This documentary began as a collective effort by San Tong, Jesse Epstein, and I along with a number of other NY based filmmakers, who like our subjects, wanted to know what was going on… We conceived of it as a character-driven narrative exploring various perspectives on the Iraq invasion.
After following several subjects, Lorna’s journey to confront the complexities in America and Iraq compelled us to focus on her story alone. She questioned the lack of information on the news, the rush to war, and the divides between left and right. Indeed, while many of us felt paralyzed, overwhelmed and averted our gaze, Lorna refused to let the enemy be dehumanized nor the soldiers forgotten/ignored.
I became heavily, personally invested in the film. I became intimately involved in Lorna’s life and developed an affinity with her. She inspired me to keep looking at the war and at her. I realized that in order to tell her story, I had to wait patiently and allow it to take shape over time.

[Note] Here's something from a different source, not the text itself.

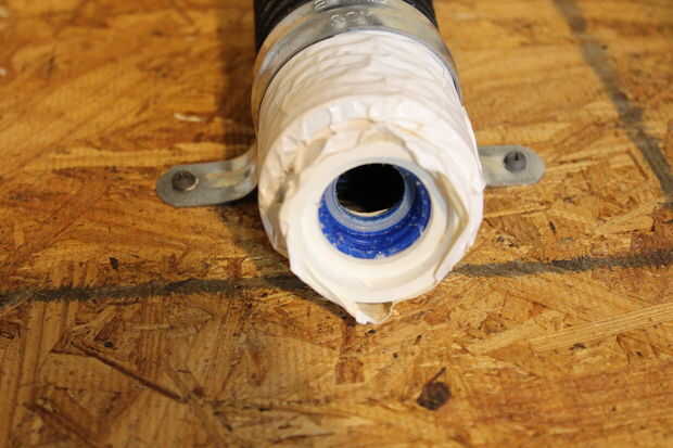La botella más probable es que tendrá que ser sustituido (bueno para ~ 100 hits). Puede utilizar cinta o prueba la función reemplazable que modificamos basada en seamster de instructable. Elegimos la opción reemplazable. Conecte el ensamble de la tapa de extremo en el otro extremo de la manguera con cinta adhesiva.
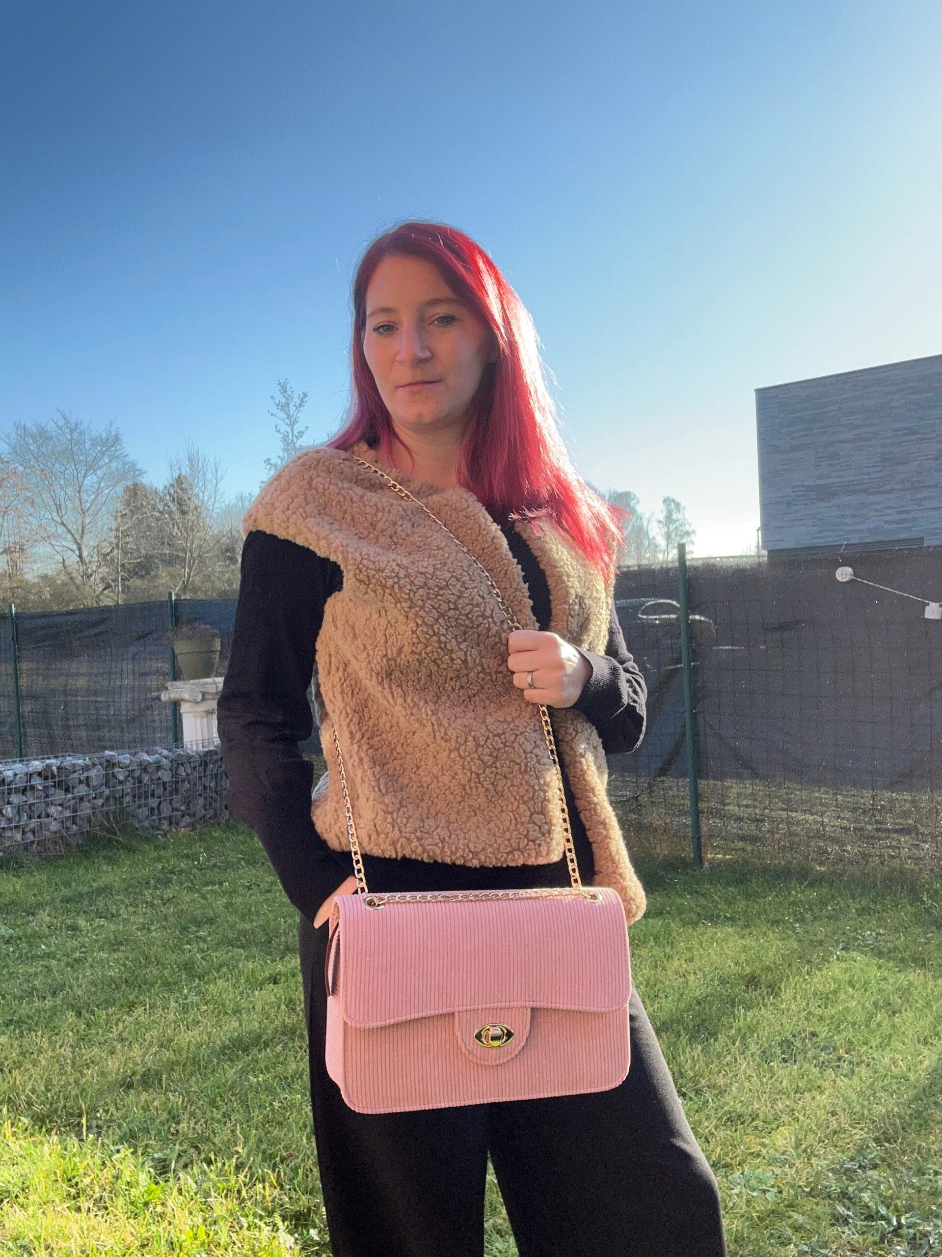 corduroy schoudertas met rits voor elke outfit.

We filmed from the initial invasion through the most recent “withdrawal”. Her story has become a longitudinal retrospective on the past eight years of the war. Her photos and stories a conduit for Americans’ desire to connect with Iraqis. She helps illuminate the realities of a war often referred to as merely an “occupation,” and the emotional and political disconnect that Americans have experienced/expressed in relation to Iraq.

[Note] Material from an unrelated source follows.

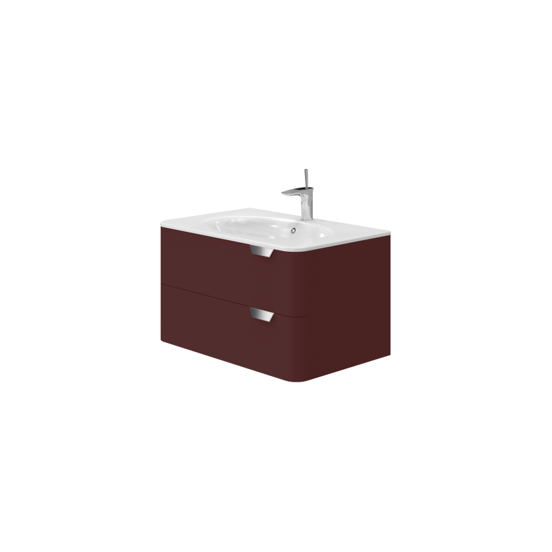 Корпус і фасадні частини меблів виконані з МДФ товщиною 16 мм. Поверхні меблів оброблені: всередині виробу - матові емалі кольору типу Titanium зовні виробу - емалі з подальшим нанесенням еластичного декоративного покриття - Тактус на дотик нагадує гуму. Кольорові покриття виконані в гамі світлих і насичених кольорів: бордовий, блакитний, чорний, сірий, білий. Встановлюються два висувних ящика з металевими боковинами з функцією самостійного розширення повного розширення, що забезпечує м'яке замикання. Меблі підвішується, в шафах монтуються регульовані навіси. Дизайн меблів збагачений ручками з нержавіючої сталі. Шафи оснащені умивальниками STELLA-80 зі штучного каменю.
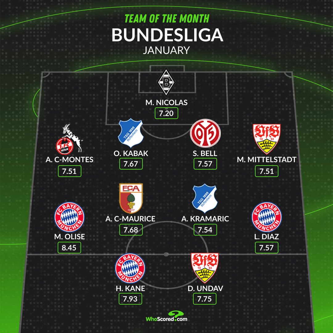 虎扑02月04日讯著名统计网站WhoScored日前公布了德甲1月最佳阵容,拜仁三叉戟凯恩、奥利塞、迪亚斯领衔,斯图加特、霍芬海姆各两人入选。

A combination of verité, personal journal, and interview footage takes viewers on an intimate exploration of the lives of the Iraqis and American soldiers Lorna encounters. In addition to the empathy her images invoke, her conversations, direct to camera, provide the audience with a personal connection to her subjects and her thought process. Mainstream news footage will combine with Lorna’s own reportage to provide the historical context and impetus for the personal stories she seeks out.
President Obama once called America’s role in Iraq one of the most “personal, emotional and global issues” of the time. Lorna’s impassioned, ideological shift – which we watch happen over eight years, offers viewers a unique, very personal and individual perspective on this historic period.